• [Records from a dataset]:
■ ■ ■

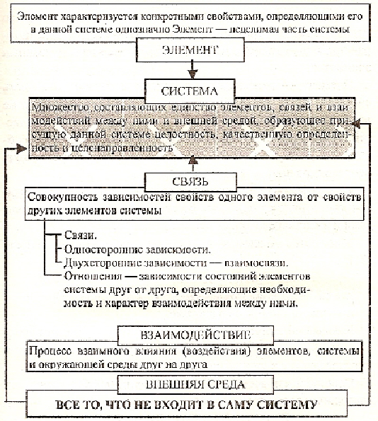 Будем использовать понятие системы, которое учитывает такие важные составляющие любого материального объекта, как элемент, связи, взаимодействия, целеполагание.
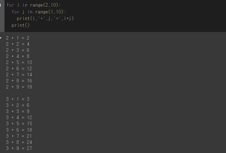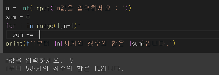 - for 반복문 : 변수가 하나만 있을 때 주로 사용하며 range와 같이 사용됨.
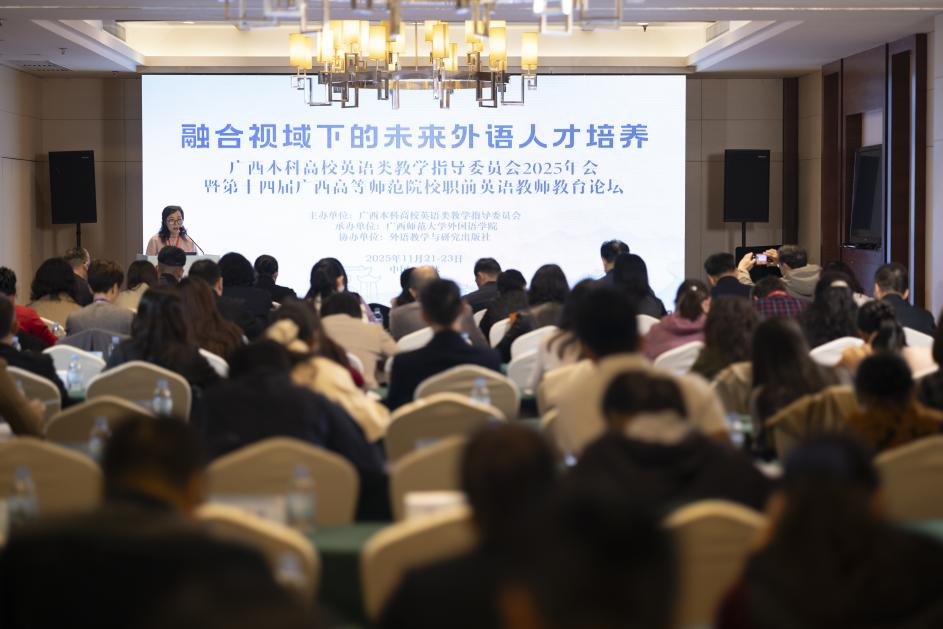 11月22日,广西本科高校英语类教学指导委员会2025年会暨第十四届广西高等师范院校职前英语教师教育论坛于桂林隆重召开。本次会议由广西师范大学承办,汇聚了区内外外语教育领域的知名专家、学者及一线教师,共同围绕“融合视域下的未来外语人才培养”这一核心主题展开深入研讨。taptap点点体育新视域文化产业学院高度重视此次学术盛会,委派英专教研室骨干教师张翰全程参会学习。
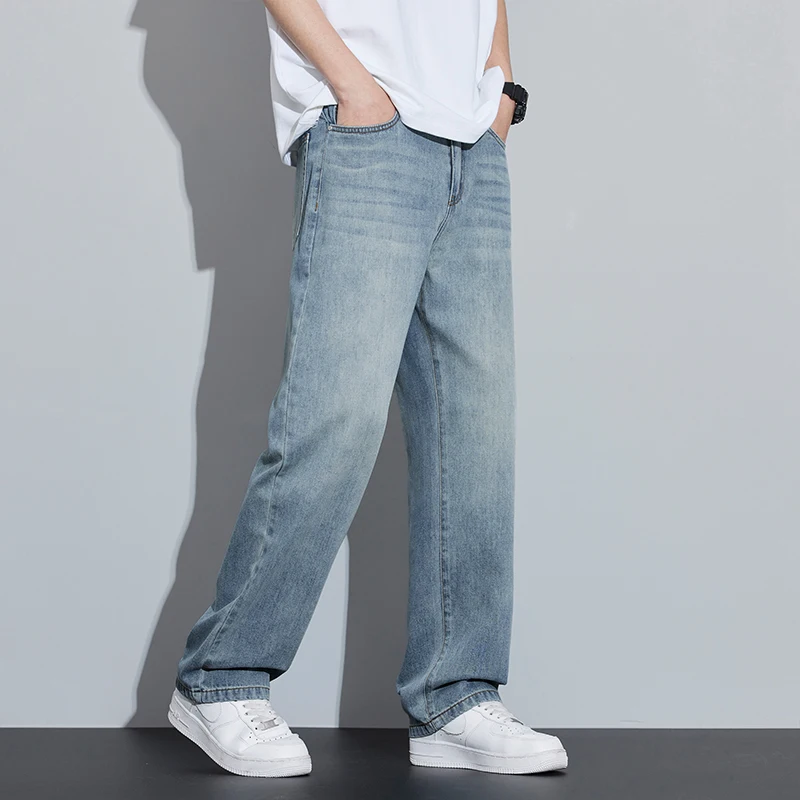 2025 Spring/Summer New Men's Lyocell Loose Jeans Summer Thin Breathable Straight denim Retro Business Casual Fashion Korean M
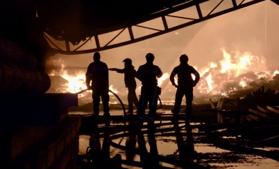 Συνεχίζεται η μάχη για την κατάσβεση της μεγάλης φωτιάς που εκδηλώθηκε το απόγευμα της Παρασκευής σε επιχείρηση ξυλείας.
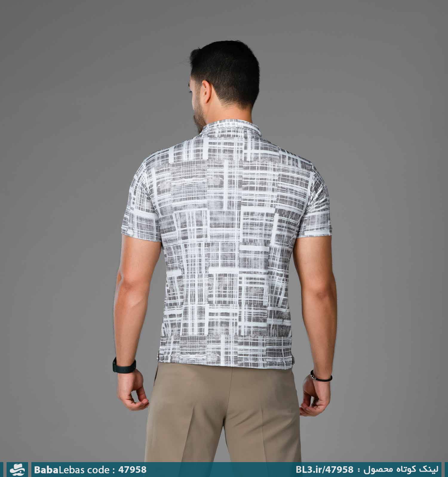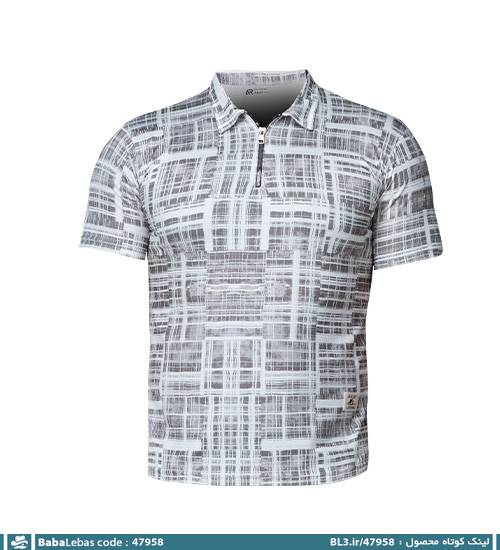 تیشرت نخ پنبه نیم زیپ یقه دار مردانه چهارخونه مدل 47958
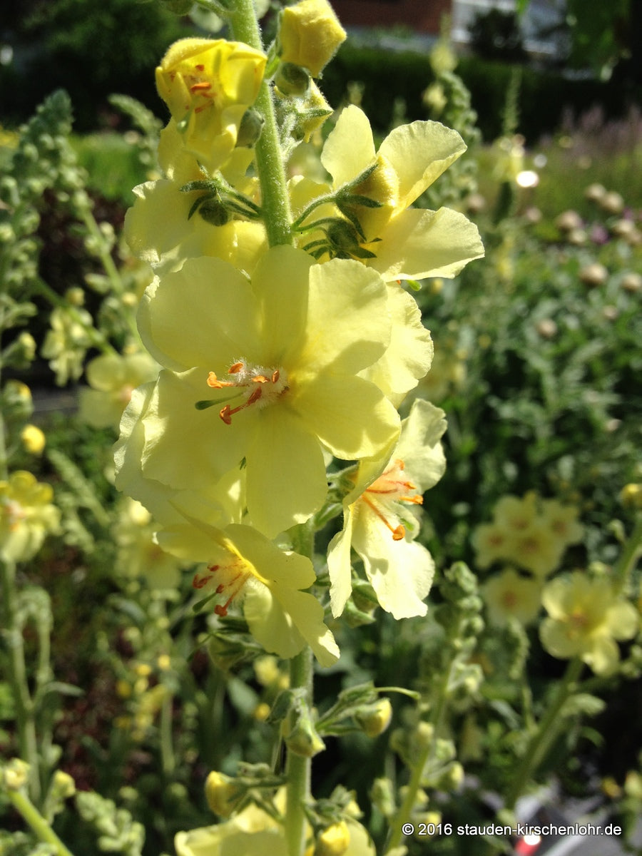 Leuchtend hellgelbe, rachenförmige Blüten in verzweigter Scheinähre. Filzige, graugrüne, lanzettliche Blätter. Wintergrün. Wunderschöner Strukturbildner.
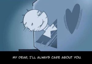 - On the screen appears a male virtual assistant (a simple icon of a smiling man in a suit and bow tie) who starts interacting with her sweetly—asking how she is, recommending shows, saying caring things like “I’ll always care about you.”
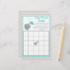 Genießen Sie eine wunderbare Babydusche mit diesem bezaubernden Baby Shower Bingo Spiel! Diese Karte wurde so gestaltet, dass sie unsere Baby Elefant Baby Dusche einlädt. Sie verfügt über einen aquamarinen Elefanten und einen Schirm mit sanftem Zickzack Hintergrund.
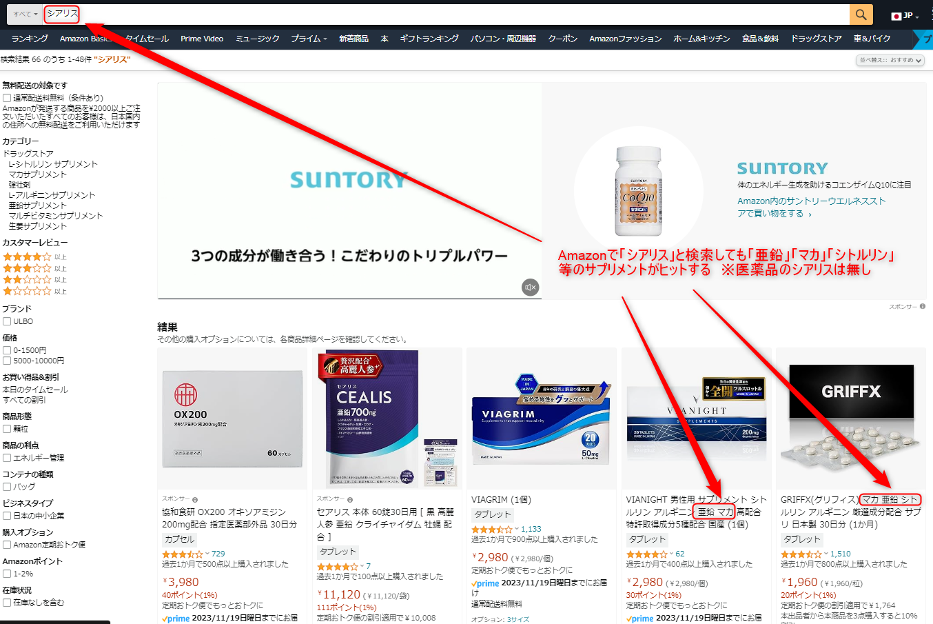実際にAmazonで「シアリス」と検索すると「亜鉛」「マカ」「シトルリン」等のサプリメントが検索結果として表示されます。

■ ■ ■

• [What you are asked to do]: Each line from the beginning of the entries up to and including the one containing "11月22日,广西本科高校英" must be restated exactly. Pictures are to be left out.

• [Result for this exercise]:
 Будем использовать понятие системы, которое учитывает такие важные составляющие любого материального объекта, как элемент, связи, взаимодействия, целеполагание.
 - for 반복문 : 변수가 하나만 있을 때 주로 사용하며 range와 같이 사용됨.
 11月22日,广西本科高校英语类教学指导委员会2025年会暨第十四届广西高等师范院校职前英语教师教育论坛于桂林隆重召开。本次会议由广西师范大学承办,汇聚了区内外外语教育领域的知名专家、学者及一线教师,共同围绕“融合视域下的未来外语人才培养”这一核心主题展开深入研讨。taptap点点体育新视域文化产业学院高度重视此次学术盛会,委派英专教研室骨干教师张翰全程参会学习。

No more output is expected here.